AFAIK the employer is required to make sure that an employee is not in breach of the act, even if the breach is caused by having two or more jobs. That said it is a stupid law and should be ignored by anyone who wants to run their own life. It also doesn't apply to self employed people so if Rois puts up most of his/her hours on their internet business then there is no breach. 

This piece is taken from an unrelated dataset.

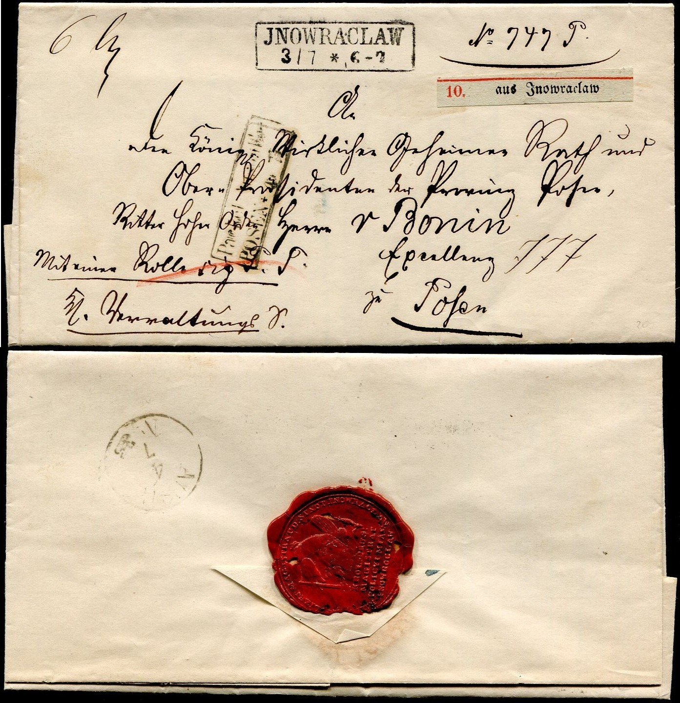 1862 Jnowraclaw (Inowrocław), list z treścią towarzyszący paczce, z tyłu bardzo dobrze odciśnięta i zachowana pieczęć lakowa Magistratu Policji i Miasta Inowrocławia. | |

Anyway, Rois has more pressing things to worry about at the moment.


----------



## Rois (23 Nov 2008)

Strange how this thread has changed!  But my part-time jobs are with 2 different employers and do not go over 2-3 days per week (28 hours approx. but can vary).  For my other jobs - I take these on myself - I spend maybe 3 hours per day (or night!) on the internet business, processing orders, answering queries etc.  Then what time I've left I work on the remaining 2 jobs to suit myself.  This suits me at the moment, as I am very strapped for cash and heavily in debt, which goes back to the time I had the nervous breakdown after the bullying and couldn't work for a year.  When I was able to work again that employer refused to give me a reference even though my work performance was never in question, so I had to settle for casual work and start to look at self-employment.


----------



## hhhhhhhhhh (23 Nov 2008)

6 months time frame to bring a case for unfair dismissal
http://www.citizensinformation.ie/c...ent-and-redundancy/dismissal/unfair_dismissal

I doubt you would even have a case, as they have a bullying policy and you didn't follow it, by refusing to take action against the person involved, by not making a formal complain you have let them off the hook.


----------



## Rois (23 Nov 2008)

I don't want to take a case for unfair dismissal - it's more to do with the subsequent affect the bullying had on my health and the financial loss I suffered as a result, both of which were very considerable. I guess that would be more of a civil matter against the organisation and may be too late to pursue at this stage, but I wanted to see what other people think, before I decide whether or not to go down this road.


----------



## Diziet (23 Nov 2008)

Rois,

I am very sorry for what has happened, and I completely understand the effect it has had on you. Having had personal experience of a close family member who took a very well justified and fully documented bullying complaint to legal action, my very brief advice is - don't. 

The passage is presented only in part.